When building or evaluating a predictive model, we know that a ROC curve can be useful for identifying the optimal cutoff/threshold/decision point in a classification problem with a dichotomous categorical response variable and imbalanced outcome classes. We simply find that cutoff point on the ROC curve which is closest in distance to the coordinate (0,1), which represents the perfect model with 100 percent sensitivity and specificity. This approach has worked quite well for me when the true positive rate and the true negative are equally important.
My question is a theoretical one. A gain curve takes a different approach to portraying or describing a model's performance. The gain curve for my model is shown in blue in the following plot:
The blue point on the gain curve corresponds to the optimal cutoff of 0.254, as determined by distance to (0,1) on the ROC curve. The gain curve tells us when we use 0.254 as the cutoff, and we test each observation in order of event probability (highest to lowest, represented by the red curve), the model identifies or finds about 83 percent of events after testing only about 34 percent of observations.
Had my model been perfect, its gain curve would have extended in a straight line from (0,0) to the gray point at the upper-left vertex of the light gray triangle, located at (0.247, 1). The event prevalence is 0.247. That is to say, a perfect model would have found all 25,655 events after testing the first 25,655 observations, resulting in 100 percent sensitivity and specificity.
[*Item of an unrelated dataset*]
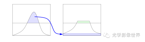 CLAHE,对比度受限的自适应直方图均衡算法就能够有效的限制噪声放大的情形。下图表示的就是局部矩形领域内的灰度直方图,由于对比度放大的程度与像素点的概率分布直方图的曲线斜度成比例,所以为了限制对比度,将大于一定阈值的部分平均分配到直方图的其他地方,如右图所示,这样的话,通过限制CDF(累积分布函数)的斜率来一定程度限制对比度。

The model's estimated event probabilities would have matched actual event probabilities.
Finally, my question: If what I have stated above is correct, then shouldn't the blue point (corresponding to the optimal cutoff according to the ROC curve) represent the point on the gain curve closest in distance to the gray point (which represents the termination point of a gain curve for a perfect model)? It does not, if my calculations are correct. And it's not even close. I'm left with the feeling that I must be mixing apples and oranges, but can't quite get my head around it.